Between the time the bill was signed and the first payments, FDR ran for re-election against Alf Landon, who campaigned on a platform to repeal Social Security. FDR received 60.8 percent of the popular vote and 523 electoral votes--all but 8 of the 531 electors.

In 1964, Lyndon Johnson received 61.05 percent of the popular vote running on a platform to establish Medicare, which he signed into law just five months after his inauguration.

One year after he backed a proposal requiring employers to provide a minimum level of health insurance for their workers, Richard Nixon came close to FDR's electoral vote total, winning re-election with 520 electoral votes.

Ronald Reagan, after winning re-election with 525 electoral votes, signed in 1988 a major expansion of Medicare that was designed to protect older Americans from financial ruin due to illness or disability. (Because the expansion, the Medicare Catastrophic Coverage Act, was funded by a surcharge on wealthier seniors, it was repealed a year later after a series of protests across the country.)

Despite the repeal of the MCCA, the overall lesson is clear: Benefits, once granted, are politically difficult (if not impossible) to withdraw.

But the threat the GOP is using is equally if not more unpalatable--and unrealistic. The president is not about to undermine his own signature legislative achievement, so installing it as a demand in the delicate arguments over funding the government or increasing the debt ceiling is and has to be a non-starter.

While in the second quarter, the impact of budget cuts under sequester appears to have been a non-event as the economy grew more than twice as fast as the previous pre-sequester quarter, that result cannot be sustained. Virtually every aspect of life will be affected if the government shuts down entirely: Veterans will go untreated at VA hospitals, which have only recently begun to right a foundering ship; food and drug inspections will end abruptly, as will monitoring of air and water quality, and even a relaxing visit to a national park will be impossible.

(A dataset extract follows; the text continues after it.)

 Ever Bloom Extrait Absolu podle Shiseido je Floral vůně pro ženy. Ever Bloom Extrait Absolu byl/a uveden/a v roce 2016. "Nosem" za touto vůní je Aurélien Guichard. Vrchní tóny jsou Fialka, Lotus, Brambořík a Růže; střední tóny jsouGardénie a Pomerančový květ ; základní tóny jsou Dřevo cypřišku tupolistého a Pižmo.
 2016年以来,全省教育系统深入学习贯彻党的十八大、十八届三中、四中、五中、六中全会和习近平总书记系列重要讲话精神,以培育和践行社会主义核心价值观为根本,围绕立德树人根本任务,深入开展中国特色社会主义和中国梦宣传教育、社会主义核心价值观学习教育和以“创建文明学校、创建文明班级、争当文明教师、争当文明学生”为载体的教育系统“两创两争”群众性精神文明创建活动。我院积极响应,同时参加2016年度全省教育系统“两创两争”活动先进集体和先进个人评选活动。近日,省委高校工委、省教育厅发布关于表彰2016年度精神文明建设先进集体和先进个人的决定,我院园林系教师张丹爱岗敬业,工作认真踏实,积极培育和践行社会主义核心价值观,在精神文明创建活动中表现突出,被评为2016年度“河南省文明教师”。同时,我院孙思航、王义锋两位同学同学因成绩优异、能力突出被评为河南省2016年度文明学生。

The debate over the PPACA has a direct impact on the housing industry by removing or at least mitigating one of the factors often cited for mortgage defaults: unexpected medical bills.

Beyond that, the necessary borrowing--to pay for items already purchased--will be impossible. Think of refusing to pay your credit bill and then trying to use it.

To be sure, achieving legislation in contentious Washington requires compromise. However, putting the fiscal future of the country at risk for an unachievable goal is not compromise. It is folly.